The yield on the benchmark 10-year Treasury note settled Tuesday at 2.362%, compared with 2.371% Monday. Yields fall as bond prices rise.
U.S. bond yields posted a big increase late last year, driven by expectations that large fiscal stimulus would lead to stronger growth and higher inflation, factors that would cause the value of haven bonds to fall. But the so-called reflation trade via higher bond-yield wagers has pulled back this year, contributing to bond yields' slides in recent months.
The mild price strength in the bond market suggests many investors are hesitating to place big bets either way before Federal Reserve Chairwoman Janet Yellen's semiannual testimony before Congress Wednesday, said some analysts.

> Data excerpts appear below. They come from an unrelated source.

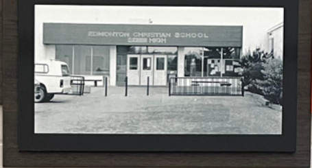
EDMONTON CHRISTIAN HIGH SCHOOL - 1980s

"The place God calls you to is the place where your deep gladness and the world's deep hunger meet."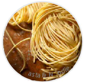
Pasta & noodles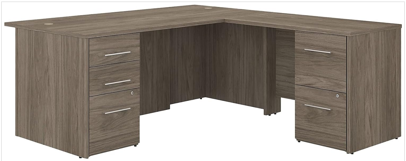
Image 1: Front view of the Bush Furniture Office 500 L-Shaped Desk in Modern Hickory finish, showcasing the overall design and integrated storage.

The U.S. consumer-price index report for June is scheduled to be released this Friday, a key data point this week to influence investors' bets on bond yields.
The 10-year Treasury yield had risen to 2.395% earlier Tuesday, weighed down by new debt supply on both sides of the Atlantic.

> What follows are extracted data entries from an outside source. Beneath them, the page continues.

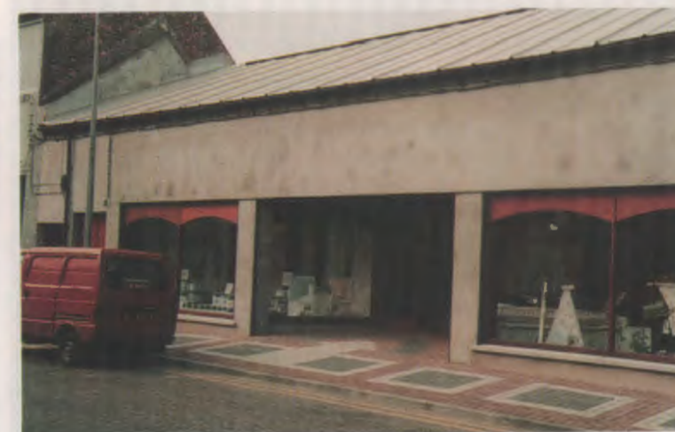
Rebuilt shopping facility at Point Street, Larne.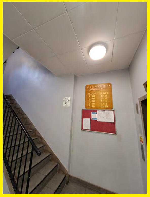
Emergency lighting in stairwell at 2 Greville Street.

Emergency lighting provides illumination in instances where mains power may have failed. It illuminates escape routes, emergency exit/s and firefighting equipment. It will provide illumination to signage and provide sufficient lighting to help you to escape.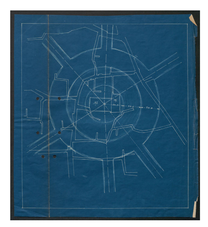
Figure 3. Blueprint of a section of the town planning scheme showing the House of Baha'u'llah at the center of a new public park.

The U.K. and the Netherlands sold long-term bonds. In the U.S., a $24 billion sale of three-year notes was sold Tuesday afternoon, to be followed by a $20 billion sale of 10-year notes Wednesday and a $12 billion sale of 30-year bonds Thursday.
The three-year note auction drew decent demand, a sign the recent selloff has turned Treasurys into attractive bargains for some investors.
Investors are debating whether bond yields may continue to rise or, like many episodes in the past few years, the selling pressure will eventually fade.
The recent selloff in the global government bond market was driven by anxiety that a broad improvement in the global economy may allow major central banks to pull back ultra loose monetary stimulus. Easy money policy has played a big role driving up government bond prices to historically high levels following the financial crisis.
Worries over the European Central Bank to taper bond buying have in particular been growing. The Bank of Canada is widely expected on Wednesday to raise its benchmark policy rate for the first time in seven years.
Meanwhile, inflation, which is a big threat to long-term government bonds, remains subdued. Over the past few months, U.S. reports have showed inflation pressure slowed down, with some indicators falling below the Fed's 2% target.
Ms. Yellen has shrugged off recent softening inflation readings as temporary. Some money managers are skeptical over her inflation assessment.
The recent bond market selloff "is overdone," said Kevin Giddis, head of fixed-income capital markets at Raymond James. "The ECB will continue to buy bonds, and inflation will continue to be a problem for the U.S. Yields will fall again."
The 10-year yield remains below the 2.446% settled at the end of 2016.